1.0 CPT PROCEDURE CODES
99091, 99453, 99454, 99457,
99458
3.0 POLICY
3.1 Medically
necessary RPM services of physiologic parameter(s) including, but
not limited to, weight, blood pressure, pulse oximetry and respiratory
flow rate are covered when:
3.1.1 The beneficiary requires RPM
services of at least 20 minutes of clinical staff time directed
by a TRICARE-authorized provider, per 30-day period; and
3.1.2 The beneficiary
has a comprehensive care plan established, implemented, revised
or monitored; and one of the following criteria are met:
3.1.2.1 The beneficiary has a chronic
condition(s) that is expected to last at least 12 months, or until
death of the beneficiary; or
3.1.2.2 The beneficiary has an acute
condition(s) that place the beneficiary at significant risk of death,
acute exacerbation/decompensation, or functional decline.
3.2 Consistent
with TRICARE’s statutory obligation to reimburse like Medicare where
practicable, the provider shall bill RPM using the codes and definitions
established by Medicare and the Current Procedural Terminology (CPT)/HCPCS
manuals for RPM billing and coding.
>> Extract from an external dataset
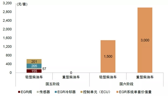 图表:国五与国六时期EGR系统单套价值量对比

For example, bills for acute condition
RPM shall include at least 16 days of data (at least two days during
the COVID-19 public health emergency), consistent with the Medicare
FY 2021 Physician Fee Schedule Final Rule, and as updated or modified
by subsequent Medicare guidance or regulation.
3.3 Monitoring
Devices and Equipment
• The
contractor shall ensure only U.S. Food and Drug Administration (FDA)
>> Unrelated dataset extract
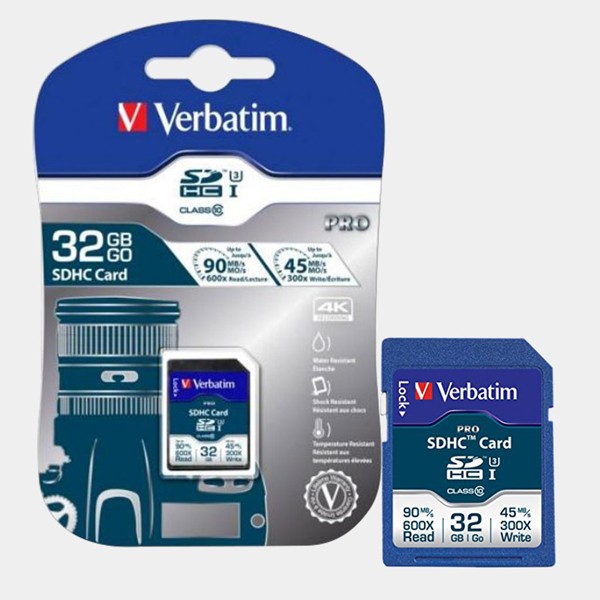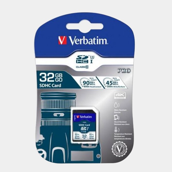 Verbatim’s Pro SDHC Class 10 Memory Cards feature UHS-I U3 performance capabilities and a V30 video speed class to let serious enthusiasts record strikingly detailed 4K video, and shoot continuous burst-action photos free of motion blur.

approved devices and equipment are used in conjunction with medical
necessary RPM, in accordance with Section 201(h) of the Federal
Food and Drug Cosmetic Act (FD&CA).
• The
contractor shall ensure devices and equipment also meet the definition
of Durable Equipment (DE) and/or Durable Medical Equipment (DME).
See
Chapter 8, Section 2.1.
• The
contractor shall not cost-share equipment or supplies, even when
monitored via RPM, which do not meet TRICARE’s definitions of DE
and/or DME. For example, while DHA may cover RPM of weight, along
with other physiologic parameters for the management of a chronic
condition, the weight scale itself is not eligible for cost-sharing
because it does not meet TRICARE’s definition of DE or DME.
3.4 Covered
services include:
• Set-up
and patient/caregiver education on use of equipment (Current Procedural Terminology
(CPT) code 99453);
• Device supplies with daily
recordings/alert transmission, each 30 days (CPT code 99454);
• RPM treatment
management services, TRICARE-authorized provider time per calendar month
requiring interactive communication with the patient/caregiver for
the first 20 minutes (CPT code 99457); and
• The collection
and interpretation of physiologic data digitally stored and/or transmitted
by the patient/caregiver to the TRICARE- authorized provider with
a minimum of 30 minutes of collection and interpretation time each
30 days (CPT code 99091). See
Chapter 7, Section 22.1.
• Remote
assessment of recorded video and/or images submitted (e.g., store
and forward), including interpretation and follow-up with the beneficiary
within 24 hours (HCPCS G2250).
3.5 Cost-Sharing
The
Government considers RPM an ancillary service as defined in TRICARE
Reimbursement Manual (TRM),
Chapter 2, Section 2, paragraph 2.7.4 and
the contractor shall apply appropriate ancillary service cost-shares
and copayments.
4.0 Exclusion
Devices and equipment that
do not meet TRICARE’s definition of DE/DME (i.e., personal computers,
smart phones, tablets, smart watches, non-medical trackers, weight
scale).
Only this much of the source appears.